» Your objective:
Word for word, print out all of the data, omitting every image.

Segment Start: Study material

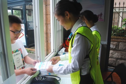 臺州收費(fèi)所志愿者參加“臺州志愿者服務(wù)亭”志愿活動 6月15日上午,臺州收費(fèi)所志愿者服務(wù)隊(duì)參加由黃巖區(qū)團(tuán)委組織的“臺州志愿者服務(wù)亭”志愿服務(wù),隊(duì)員們積極主動、文明有禮,為市民提供各類便民服務(wù)?! ?/p> 在位于黃巖區(qū)自力電影院對面的志愿服務(wù)亭里,臺州收費(fèi)所志愿者服務(wù)隊(duì)的成員們,一邊學(xué)習(xí)如何操作充氣設(shè)備,一邊熟悉服務(wù)內(nèi)容,并向市民發(fā)放《臺州市市民文明手冊》等。對于自己的志愿者服務(wù)工作,大家一臉自豪。就在隊(duì)員們分頭忙碌時(shí),來了兩位外地口音的路人,詢問附近有沒有網(wǎng)吧。大家熱心指路,但這兩人還是一臉茫然,志愿者盧蒙莎就熱心地陪著兩人,穿過馬路,在一個(gè)巷子里的找到網(wǎng)吧。志愿者金愷,今天早班一下班,顧不得休息,就急著趕到了服務(wù)亭,加入志愿者服務(wù)的隊(duì)伍。
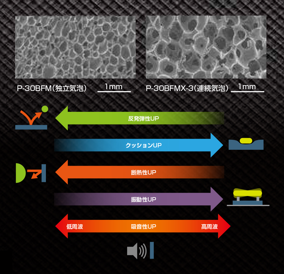 吸音特性:発泡構造を制御することで、幅広い周波数帯域の吸音が可能
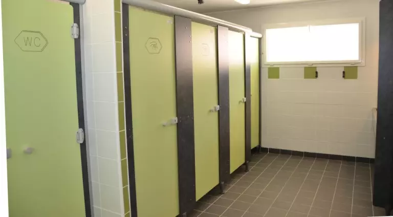 Sanitaires neufs, 7 douches, 7 wc, 14 lavabos, espace bébé, Laverie avec bacs vaisselle et linge, machine à laver à disposition
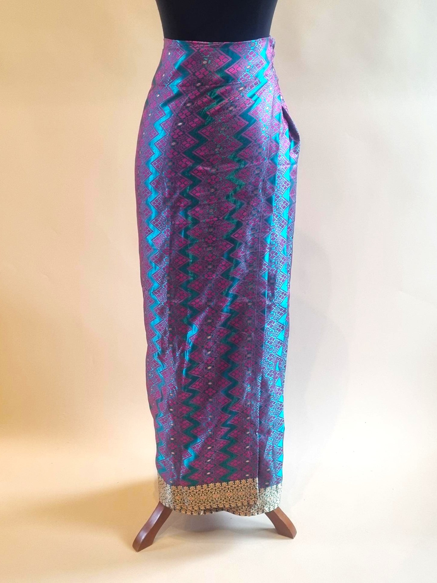 De wikkel rok is gemaakt van polyester stof.
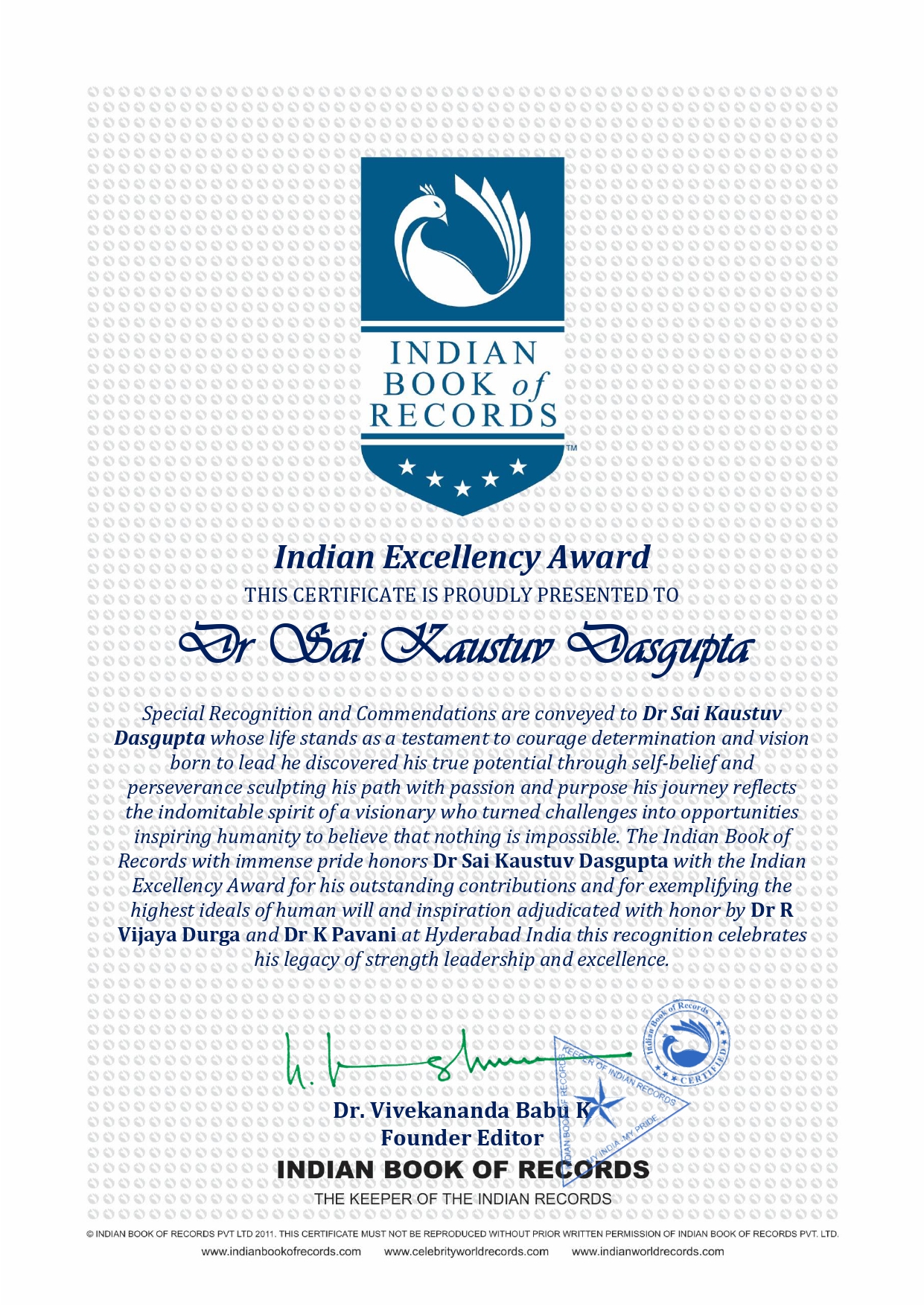 The Indian Book of Records with immense pride honors Dr Sai Kaustuv Dasgupta with the Indian Excellency Award for his outstanding contributions and for exemplifying the highest ideals of human will and inspiration adjudicated with honor by Dr R Vijaya Durga and Dr K Pavani at Hyderabad India this recognition celebrates his legacy of strength leadership and excellence.
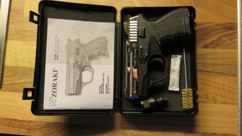 Marke : ZORAKI Schreckschußpistole 9mm Knall P.A.K. Chrom Sonderedition. Im Kunststoff Behälter , Abschußbecher , Reinigungsbürste , Anleitung . Die Pistole wurde nur 1 mal ausprobird, 6 Schuß . Es ist eine Taschenpistole 6 Schuß Sehr beliebt bei Männer und Frauen zum Selbstschutz weil sie klein und leicht ist. sie wiegt nur 470 g. Trozdem soliede gebaut , viel aus Metall. Die Bilder sind verkaufsrelevant.
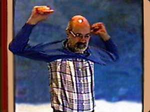 | L’uomo con gli occhiali si sta mettendo un maglione. | Мужчина в очках надевает свитер. |
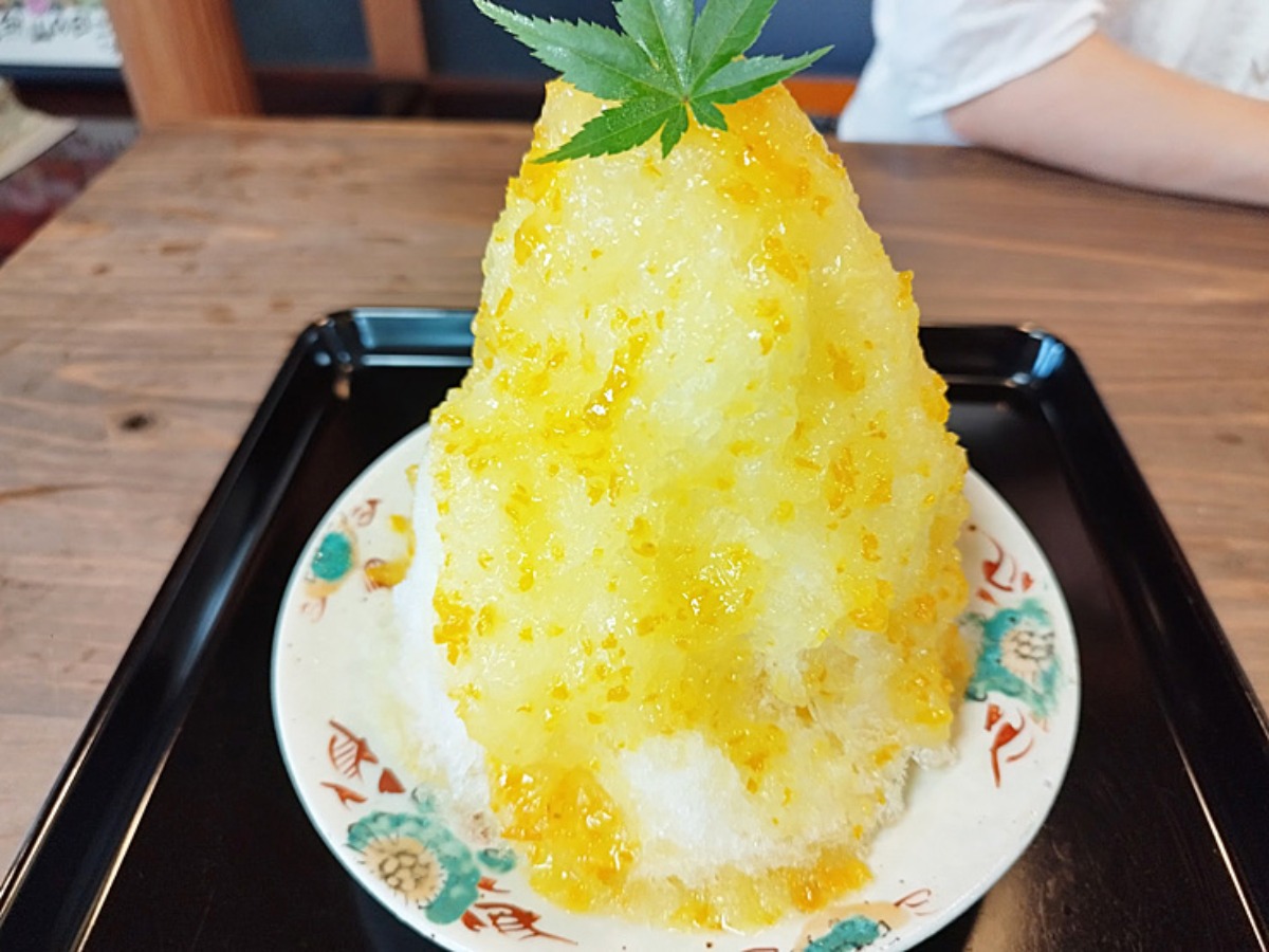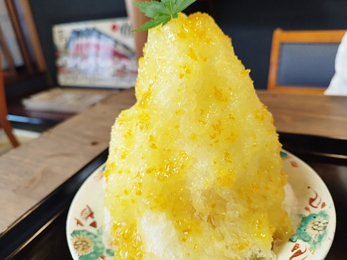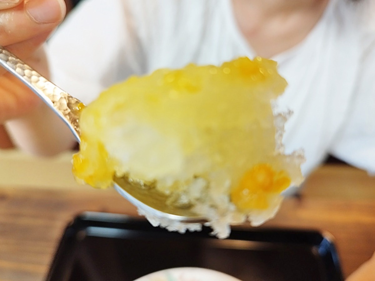 いよいよ待ち侘びたかき氷との邂逅。まず運ばれてきたのはかき氷メニューの中では珍しい?「ゆず」のかき氷850円。テーブルに置かれた瞬間からゆずの香りがいっぱいに広がるほどゆずの皮がふんだんに散りばめられていて、さっぱりした味わい。食後にもペロリと食べられそうです。甘すぎず、スッキリとしたかき氷なので甘すぎるのは苦手という人でも安心です。
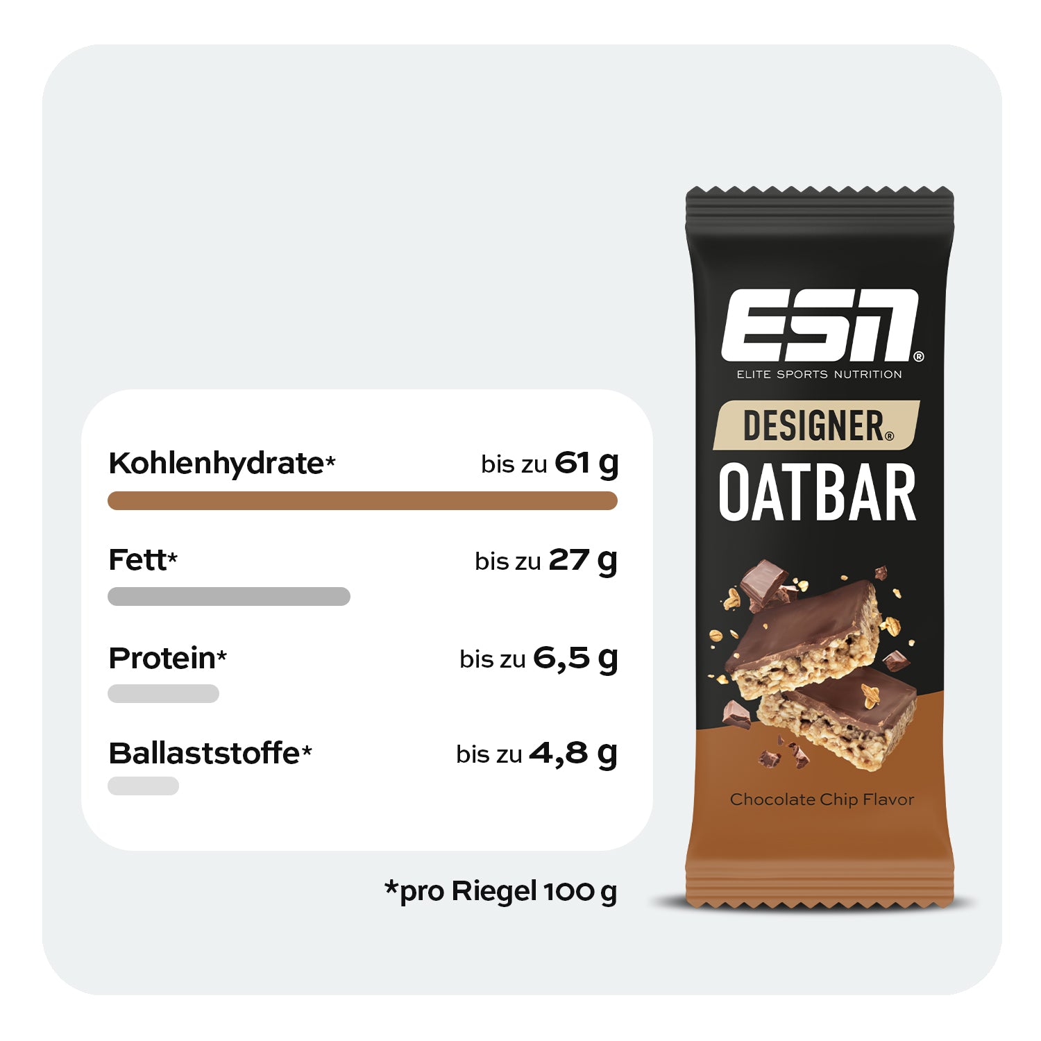 Hafer 34 %, Zartbitterschokoladen-Geschmacksüberzug 17 % (Süßungsmittel (Maltit), pflanzliche Fette (Palm, Palmkern, Shea), Kakaopulver (stark entölt), Emulgator (Lecithine (Sonnenblume))), Zuckerrohrsirup, pflanzliche Öle (Palm, Raps), Schokoladenchips 8 % (Kakaomasse, Zucker, Kakaobutter, Kakaopulver (stark entölt), Emulgator (Lecithine (Soja))), Zucker, Sojamehl, Feuchthaltemittel (Glycerin).Designer Oatbar Key-Facts

Segment End: Study material

» Exercise response:
 臺州收費(fèi)所志愿者參加“臺州志愿者服務(wù)亭”志愿活動 6月15日上午,臺州收費(fèi)所志愿者服務(wù)隊(duì)參加由黃巖區(qū)團(tuán)委組織的“臺州志愿者服務(wù)亭”志愿服務(wù),隊(duì)員們積極主動、文明有禮,為市民提供各類便民服務(wù)?! ?/p> 在位于黃巖區(qū)自力電影院對面的志愿服務(wù)亭里,臺州收費(fèi)所志愿者服務(wù)隊(duì)的成員們,一邊學(xué)習(xí)如何操作充氣設(shè)備,一邊熟悉服務(wù)內(nèi)容,并向市民發(fā)放《臺州市市民文明手冊》等。對于自己的志愿者服務(wù)工作,大家一臉自豪。就在隊(duì)員們分頭忙碌時(shí),來了兩位外地口音的路人,詢問附近有沒有網(wǎng)吧。大家熱心指路,但這兩人還是一臉茫然,志愿者盧蒙莎就熱心地陪著兩人,穿過馬路,在一個(gè)巷子里的找到網(wǎng)吧。志愿者金愷,今天早班一下班,顧不得休息,就急著趕到了服務(wù)亭,加入志愿者服務(wù)的隊(duì)伍。
 吸音特性:発泡構造を制御することで、幅広い周波数帯域の吸音が可能
 Sanitaires neufs, 7 douches, 7 wc, 14 lavabos, espace bébé, Laverie avec bacs vaisselle et linge, machine à laver à disposition
 De wikkel rok is gemaakt van polyester stof.
 The Indian Book of Records with immense pride honors Dr Sai Kaustuv Dasgupta with the Indian Excellency Award for his outstanding contributions and for exemplifying the highest ideals of human will and inspiration adjudicated with honor by Dr R Vijaya Durga and Dr K Pavani at Hyderabad India this recognition celebrates his legacy of strength leadership and excellence.
 Marke : ZORAKI Schreckschußpistole 9mm Knall P.A.K. Chrom Sonderedition. Im Kunststoff Behälter , Abschußbecher , Reinigungsbürste , Anleitung . Die Pistole wurde nur 1 mal ausprobird, 6 Schuß . Es ist eine Taschenpistole 6 Schuß Sehr beliebt bei Männer und Frauen zum Selbstschutz weil sie klein und leicht ist. sie wiegt nur 470 g. Trozdem soliede gebaut , viel aus Metall. Die Bilder sind verkaufsrelevant.
 | L’uomo con gli occhiali si sta mettendo un maglione. | Мужчина в очках надевает свитер. |
 いよいよ待ち侘びたかき氷との邂逅。まず運ばれてきたのはかき氷メニューの中では珍しい?「ゆず」のかき氷850円。テーブルに置かれた瞬間からゆずの香りがいっぱいに広がるほどゆずの皮がふんだんに散りばめられていて、さっぱりした味わい。食後にもペロリと食べられそうです。甘すぎず、スッキリとしたかき氷なので甘すぎるのは苦手という人でも安心です。
 Hafer 34 %, Zartbitterschokoladen-Geschmacksüberzug 17 % (Süßungsmittel (Maltit), pflanzliche Fette (Palm, Palmkern, Shea), Kakaopulver (stark entölt), Emulgator (Lecithine (Sonnenblume))), Zuckerrohrsirup, pflanzliche Öle (Palm, Raps), Schokoladenchips 8 % (Kakaomasse, Zucker, Kakaobutter, Kakaopulver (stark entölt), Emulgator (Lecithine (Soja))), Zucker, Sojamehl, Feuchthaltemittel (Glycerin).Designer Oatbar Key-Facts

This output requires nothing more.